Philip Hoult looks at the continuing trend of law firm demergers and says they can offer a viable escape route for divided firms.
Last week Vizards, a profitable 29-partner firm with a history stretching back more than 200 years, became the sixth small to medium-sized practice to split up in the past three months.
On 1 May 1999, it will follow Frere Cholmeley Bischoff, Stones Porter, Slater Heelis, Forsyte Saunders Kerman, and Franks Charlesly, in closing its doors.
Meanwhile, the City of London rumour mill is suggesting that a firm just outside the top 20 is considering demerging.
Managers at these firms, often riven with disagreements over their future, are realising that forcing through a break-up is the best, if not the only, way forward.

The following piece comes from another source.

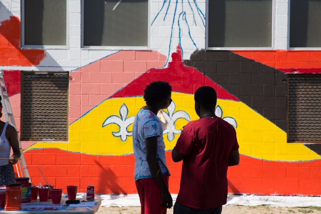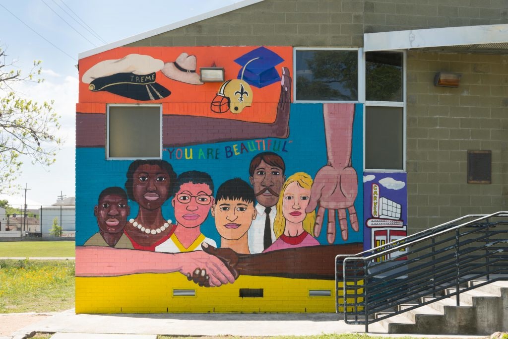 “Lafitte, Treme: Between the City and Me” is a community mural designed by YAM youth artists under the guidance of lead artist mentor and local talent Keith Duncan. The project came out of the Welcome Table New Orleans, a citywide program to address racial reconciliation and healing, initiated by Mayor Mitch Landrieu in partnership with the Winter Institute of Mississippi.
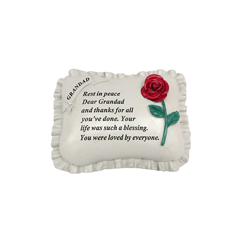 David Fischhoff Grandad Red Rose Memorial Pillow, Poly Resin, Cream, 1 Count (Pack of 1)

They know that their firms, taken as a whole, are unattractive merger candidates to the larger or more profitable firms.
After all, why would the better-run firms want to deal with the logistical headaches of a merger and the messy task of cutting off the dead wood?
Why bother when they can poach a team of good lawyers who are then much easier to assimilate?

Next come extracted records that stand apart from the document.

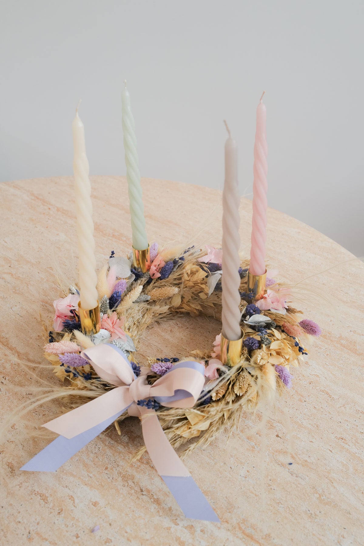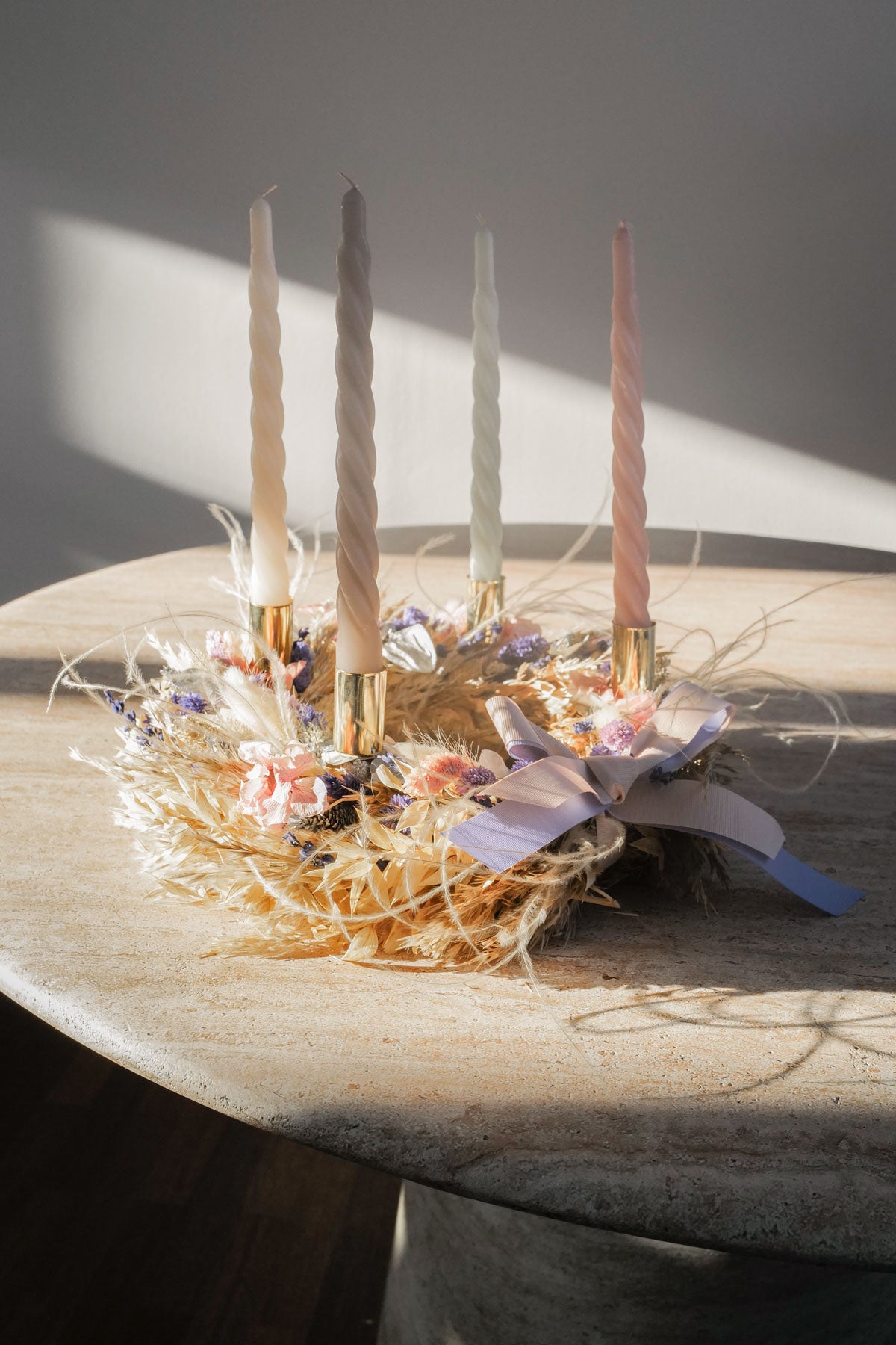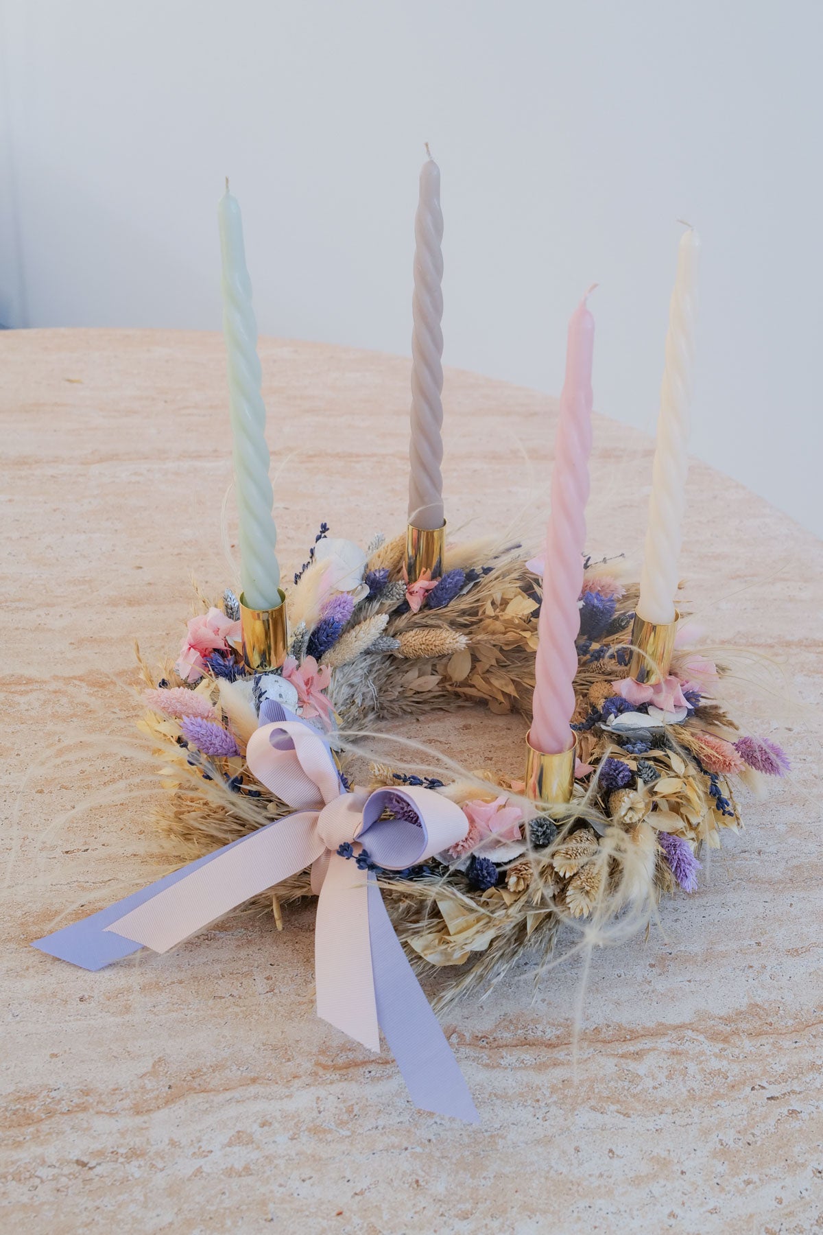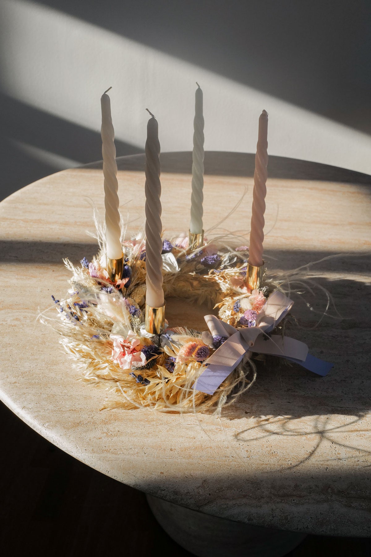 Mit unsere Kerzentellern und Kerzen kannst deinen Dried Flower Kranz ganz einfach vom Türkranz in einen Adventskranz umbauen. Kerzen & Teller kannst du beim Check Out dazu bestellen.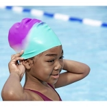 La coupe ergonomique s’adapte à la tête, protège les cheveux et les oreilles contre les éclaboussures tout en réduisant la traînée pour une nage plus fluide. Le look multicolore améliore la visibilité dans la piscine et plaît aux enfants.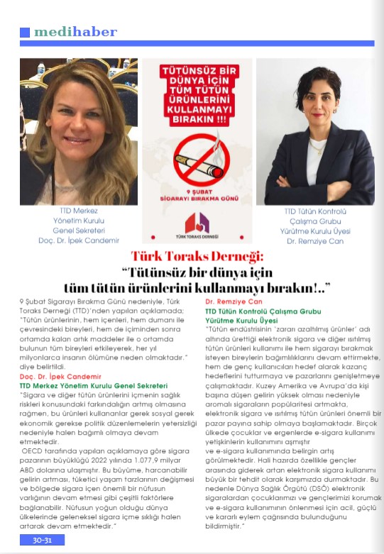 Basında Türk Toraks Derneği "9 Şubat Sigarayı Bırakma Günü"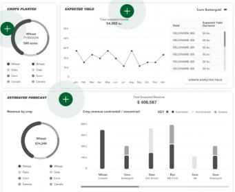 Quickly see what’s on your fields, in your bins, and delivered on contract. View crop status, expected yield, contracts and surplus grains, and your revenue at a glance.

Forcing through a break-up has a number of benefits for firms in crisis.
Top-performing partners – frustrated that their efforts are being hampered by others – would be free to join a firm where their billings are more the rule than the exception.
Partners whose areas of practice need the support of greater resources can go to a firm that will more readily provide them.

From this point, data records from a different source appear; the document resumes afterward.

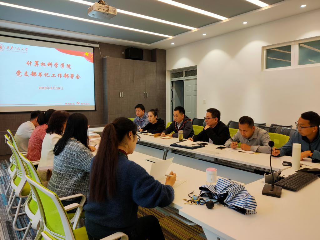 9月19日,9499www威尼斯在临潼校区7号楼426会议室召开党支部书记工作会议,全面部署“不忘初心、牢记使命”主题教育工作。会议由院党委书记王雅慧主持。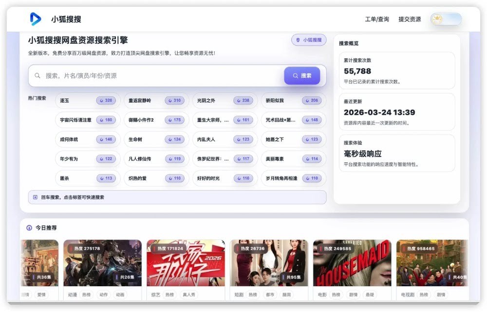 小狐搜搜:一个免费的网盘资源搜索引擎,快速查找影视、剧集、综艺等网盘资源网址:https://uuyue.top/面向需要查找影视、剧集、综艺等网盘资源的用户,解决用户难以找到优质网盘资源的痛点,提供百万级网盘资源的搜索服务,核心价值是免费、快速地为用户提供便捷的网盘资源检索渠道。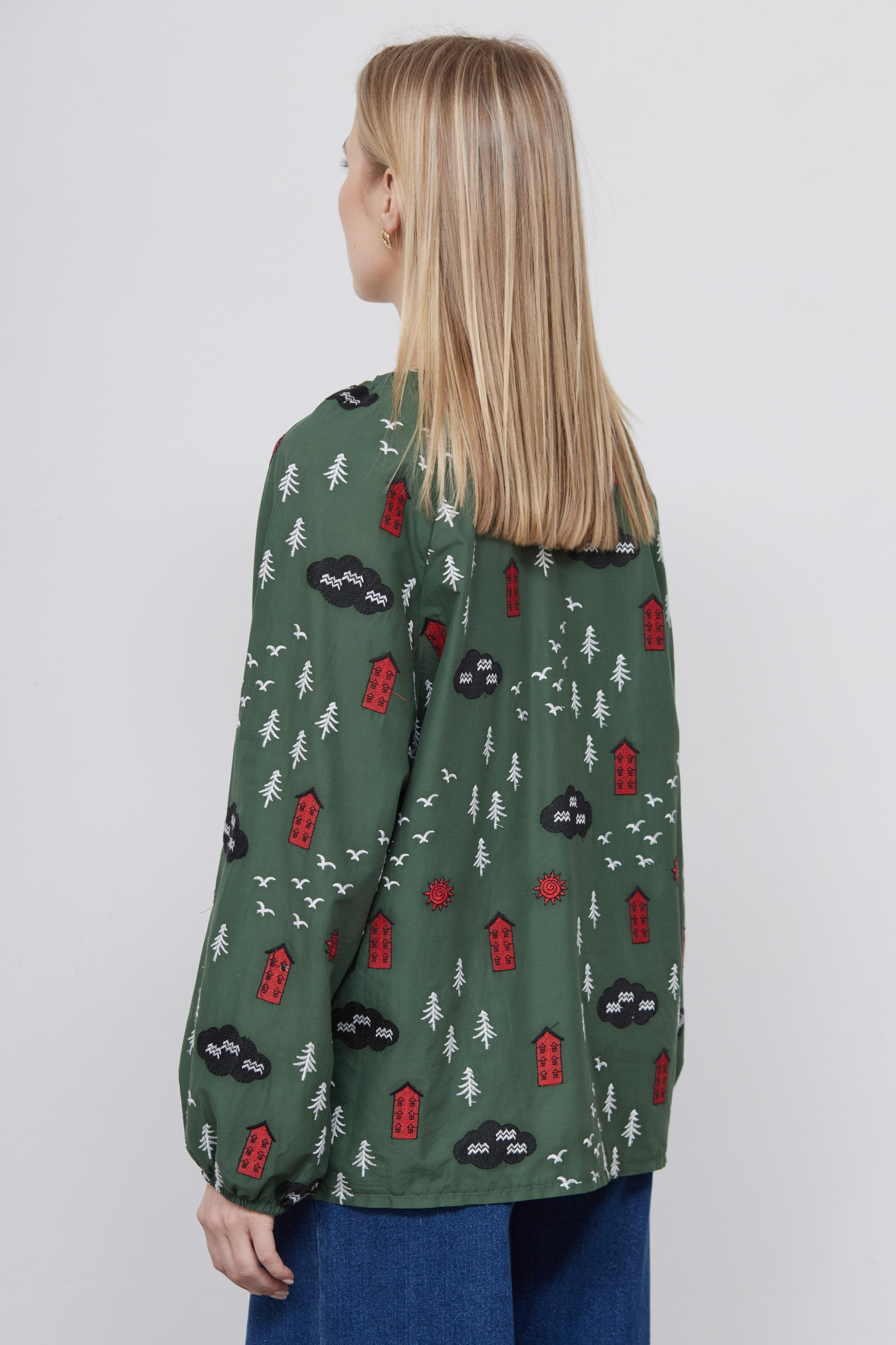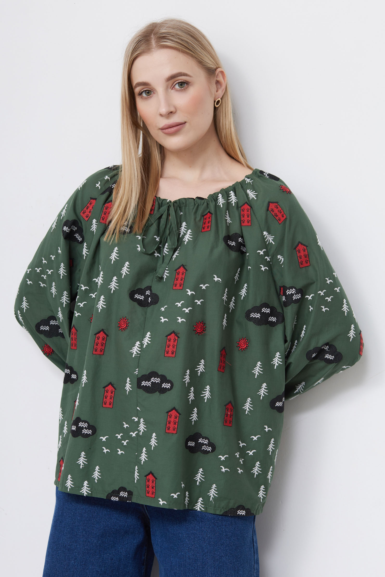 Блузка oversize из хлопка с вышивкой и сборкой на горловине.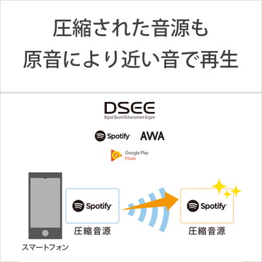 圧縮された音源で失われがちな高音域を効果的に補完しクリアに再現する「DSEE」。音楽配信サービスなどの圧縮された音源を原音により近い広がりのある音で再生します。圧縮率を上げても音質劣化が少なく、聞き疲れしにくい自然な音で楽しめます。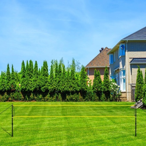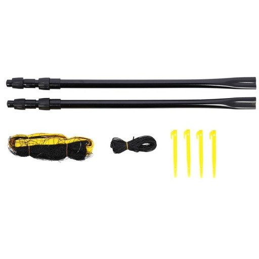 Produkt montuje się wbijając do ziemi słupki, które są stelażem, a do których przywiązujemy siatkę. Słupki są teleskopowe i oferują możliwość, powieszenia siatki na dwóch wysokościach. Zarówno siatka jak i stelaż, są odporne na warunki atmosferyczne. Długość siatki to ponad 6 m, dlatego pozwala na swobodne rozegranie, dwóch meczy jednocześnie.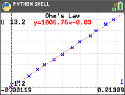 First, enter two lists in the CE OS. Then, for example, calculate [stat] CALC 4:LinReg(ax+b) for your lists. This stores the regression equation to RegEQ in the OS. Here is a program to recall RegEQ to the Python experience.

Those whose work is outside the current firms' core areas – often, in relative terms, the areas that are under-performing – would be happier at a firm where they would not feel like cogs in a much larger machine or where the environment was less pressurised.
A classic example of where this has worked has been the decision by many City firms in the 1990s to divest themselves of their private client departments.
Also, the client bases of the partners, if there is not much overlap, could be far better exploited at a new firm where there was more opportunity to "cross-sell" successfully.
This would offset the inevitable loss of some clients, who might use the opportunity to change allegiance to another firm.
Breaking up is obviously neither a cheap nor an easy option – in fact, the costs may be prohibitive, particularly if there are significant property liabilities.
Administrative costs of breaking up may also be high, including redundancies of support staff and even some fee-earners.
But partners who do not relish the prospect of facing up to the firm's existing borrowings will find that the problem is only likely to get worse in the current economic climate.
And, in the meantime, there will be a steady stream of the best staff leaving for other firms.
Breaking up may be hard to do, but struggling firms should look long and hard at whether it is the right move for them.